→ **EXERCISE OBJECTIVE**:
Without including the pictures, copy each line below exactly as it reads.

→ **PROVIDED MATERIAL**:
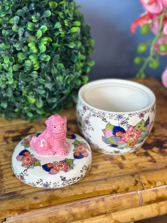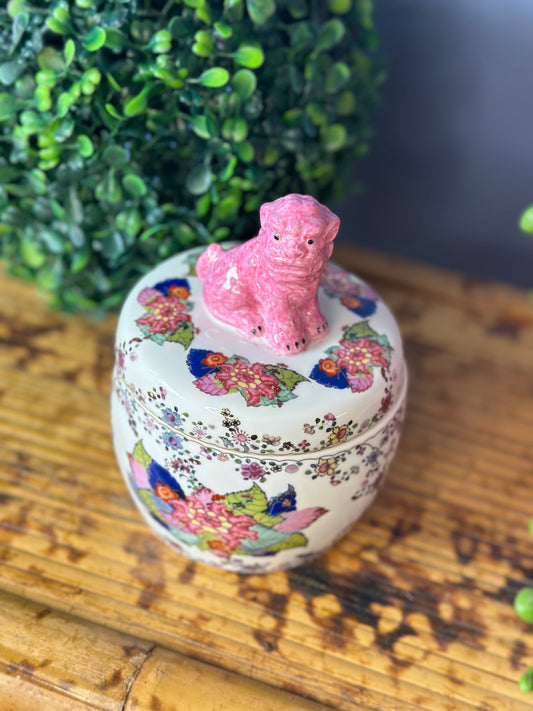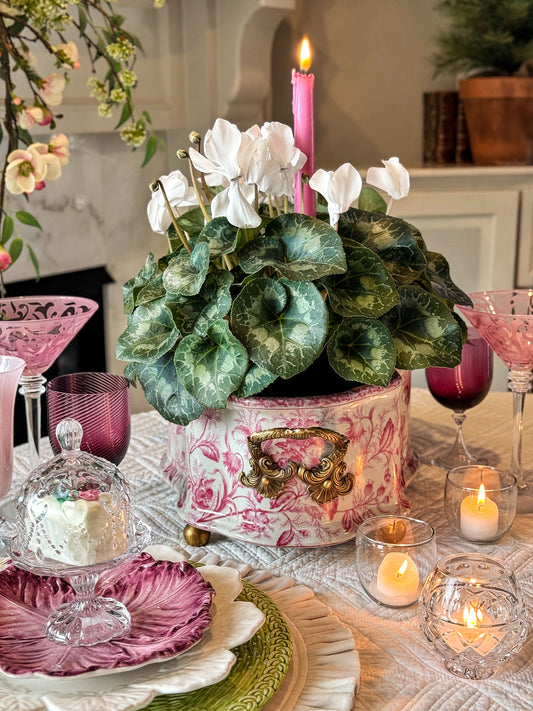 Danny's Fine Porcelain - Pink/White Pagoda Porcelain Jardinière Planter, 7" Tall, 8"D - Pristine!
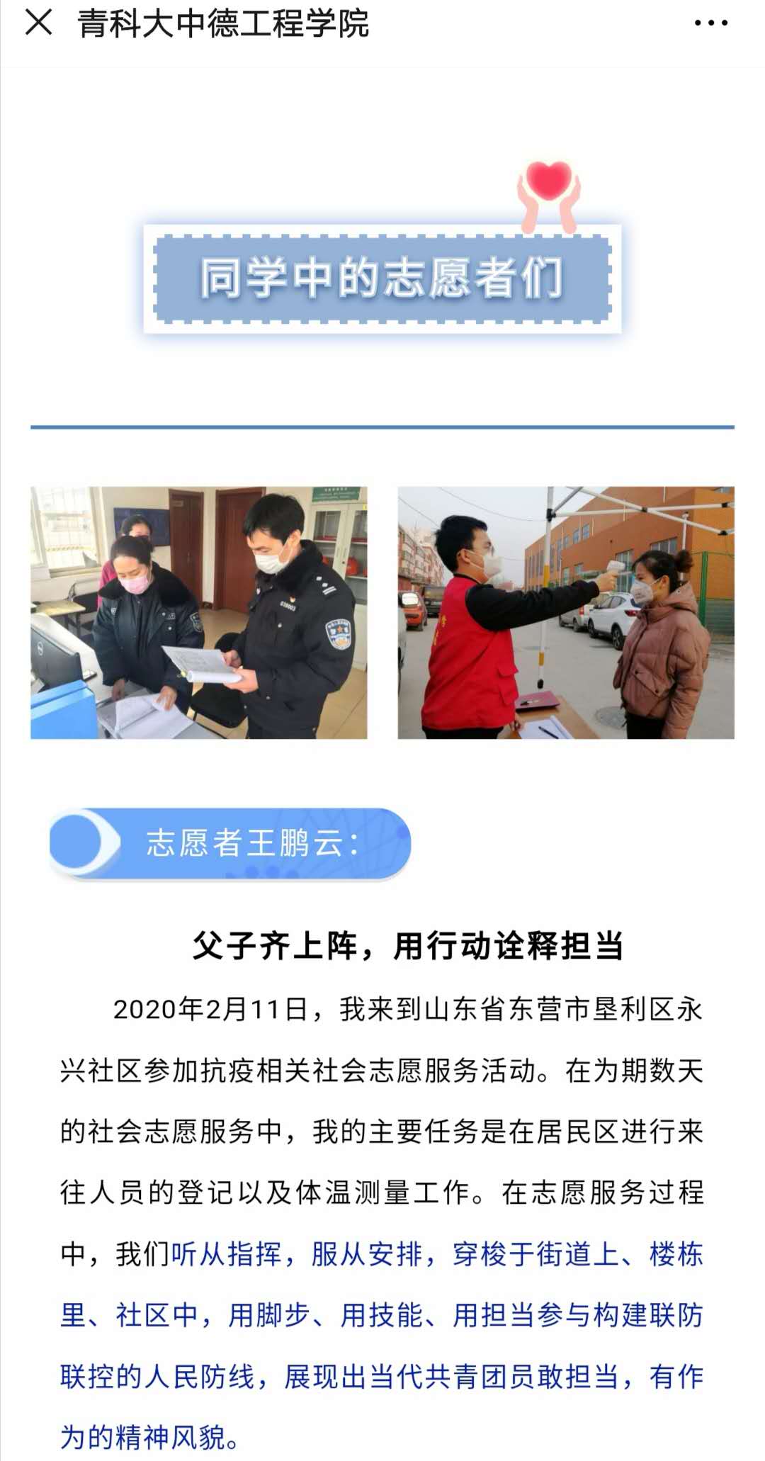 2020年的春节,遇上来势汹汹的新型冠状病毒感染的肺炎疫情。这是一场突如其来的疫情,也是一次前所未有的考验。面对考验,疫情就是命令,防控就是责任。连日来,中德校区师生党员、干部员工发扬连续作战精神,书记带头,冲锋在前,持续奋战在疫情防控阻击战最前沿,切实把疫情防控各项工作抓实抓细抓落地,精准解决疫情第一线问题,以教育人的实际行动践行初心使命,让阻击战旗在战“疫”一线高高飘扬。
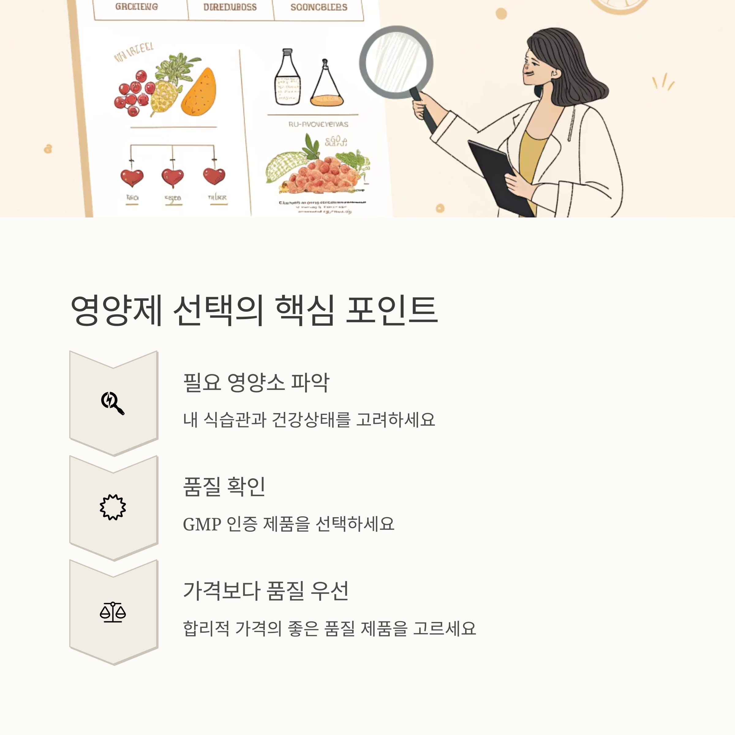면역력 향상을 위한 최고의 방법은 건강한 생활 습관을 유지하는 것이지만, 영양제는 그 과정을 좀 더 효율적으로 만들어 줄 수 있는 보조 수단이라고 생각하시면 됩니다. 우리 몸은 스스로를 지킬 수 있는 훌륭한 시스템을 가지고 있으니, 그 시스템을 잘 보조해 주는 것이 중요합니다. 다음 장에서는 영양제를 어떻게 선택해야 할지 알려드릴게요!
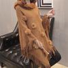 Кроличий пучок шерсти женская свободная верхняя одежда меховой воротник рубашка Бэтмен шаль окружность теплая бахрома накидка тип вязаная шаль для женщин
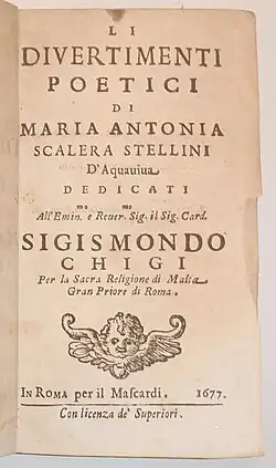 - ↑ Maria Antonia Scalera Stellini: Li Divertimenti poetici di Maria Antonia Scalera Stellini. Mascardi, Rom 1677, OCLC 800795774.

→ **YOUR SOLUTION**:
 Danny's Fine Porcelain - Pink/White Pagoda Porcelain Jardinière Planter, 7" Tall, 8"D - Pristine!
 2020年的春节,遇上来势汹汹的新型冠状病毒感染的肺炎疫情。这是一场突如其来的疫情,也是一次前所未有的考验。面对考验,疫情就是命令,防控就是责任。连日来,中德校区师生党员、干部员工发扬连续作战精神,书记带头,冲锋在前,持续奋战在疫情防控阻击战最前沿,切实把疫情防控各项工作抓实抓细抓落地,精准解决疫情第一线问题,以教育人的实际行动践行初心使命,让阻击战旗在战“疫”一线高高飘扬。
면역력 향상을 위한 최고의 방법은 건강한 생활 습관을 유지하는 것이지만, 영양제는 그 과정을 좀 더 효율적으로 만들어 줄 수 있는 보조 수단이라고 생각하시면 됩니다. 우리 몸은 스스로를 지킬 수 있는 훌륭한 시스템을 가지고 있으니, 그 시스템을 잘 보조해 주는 것이 중요합니다. 다음 장에서는 영양제를 어떻게 선택해야 할지 알려드릴게요!
 Кроличий пучок шерсти женская свободная верхняя одежда меховой воротник рубашка Бэтмен шаль окружность теплая бахрома накидка тип вязаная шаль для женщин
 - ↑ Maria Antonia Scalera Stellini: Li Divertimenti poetici di Maria Antonia Scalera Stellini. Mascardi, Rom 1677, OCLC 800795774.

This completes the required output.